Given data
________________

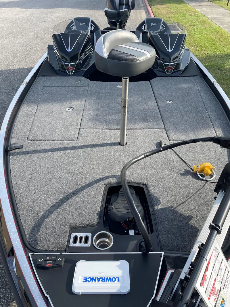 An all-new console carries dual graphs or a single 16" unit and the touchscreen Ranger RIDE system that gives you control over every boat and engine function. The all-new seats rest on slides and CloudNine™ air ride shock system that takes the teeth out of chop. A key fob and new push-button ignition let you start up quicker and deliver greater security when you're on the road. Inside the coin box is a wireless phone charger, and in the battery box are standard lithium batteries.
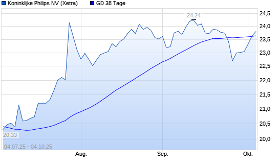 Mit dem Anstieg auf 23,72 EUR hat die Philips Electronics-Aktie am 03.10.2025 die 38-Tage-Linie nach oben gekreuzt.Die Philips Electronics-Aktie befindet sich seit dem 26.09.2025 im langfristigen ...weiterlesen
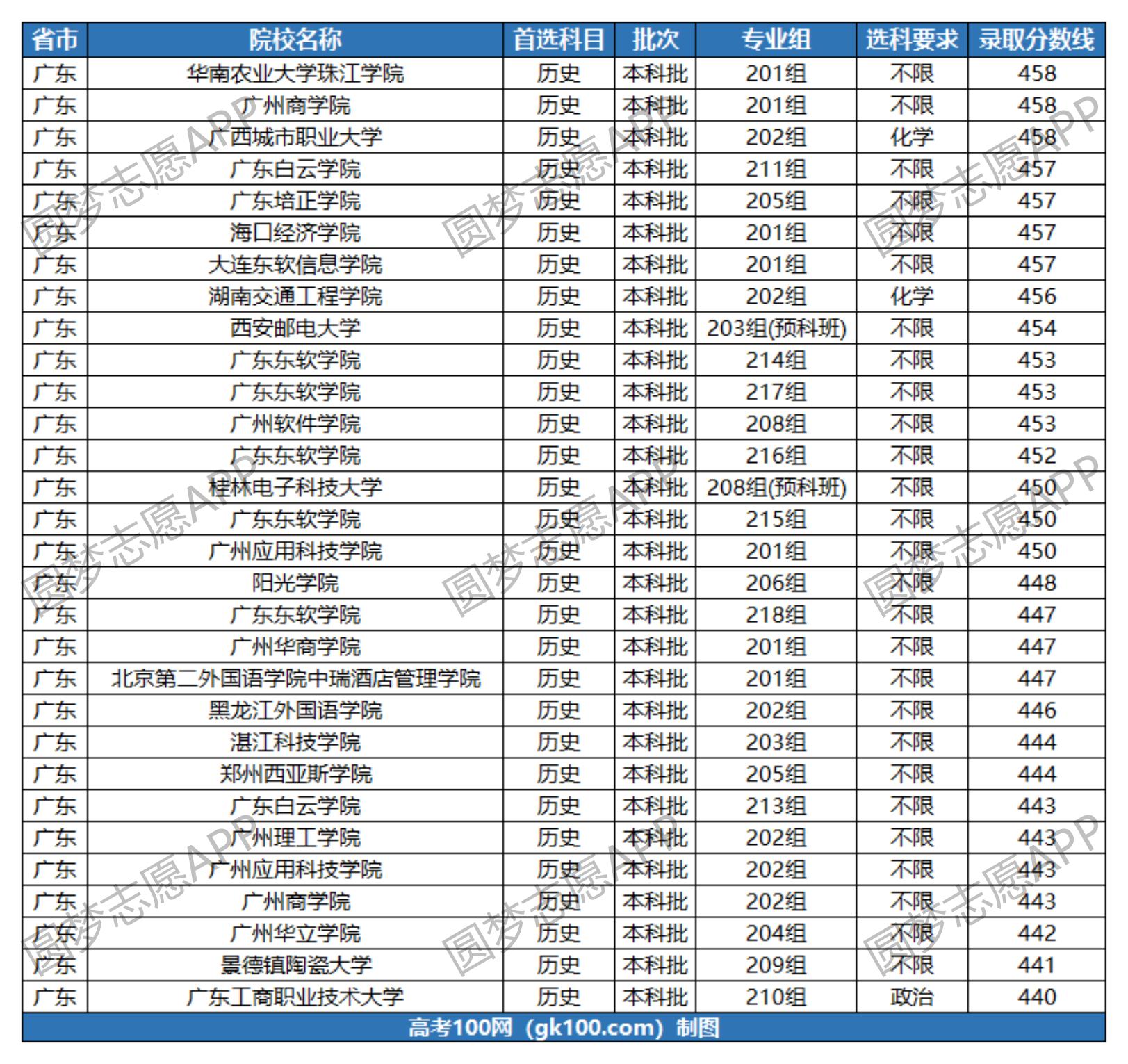 1)华南农业大学珠江学院,2022年在广东历史类最低录取分数线为458分;
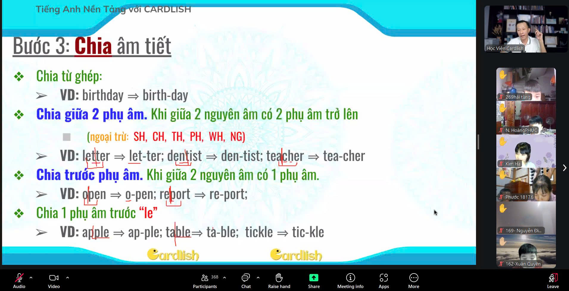 * Chia nhỏ từ vựng dài để dễ ghép âm gieo vần từng từ nhỏ

________________

Exercise prompt
All lines from the line with "1)华南农业大学珠江学院,2022年在广东历史类最低录取分数线为458分;" through the final line of the data, both included, are to be repeated exactly; no other lines and no pictures.

Exercise answer
 1)华南农业大学珠江学院,2022年在广东历史类最低录取分数线为458分;
 * Chia nhỏ từ vựng dài để dễ ghép âm gieo vần từng từ nhỏ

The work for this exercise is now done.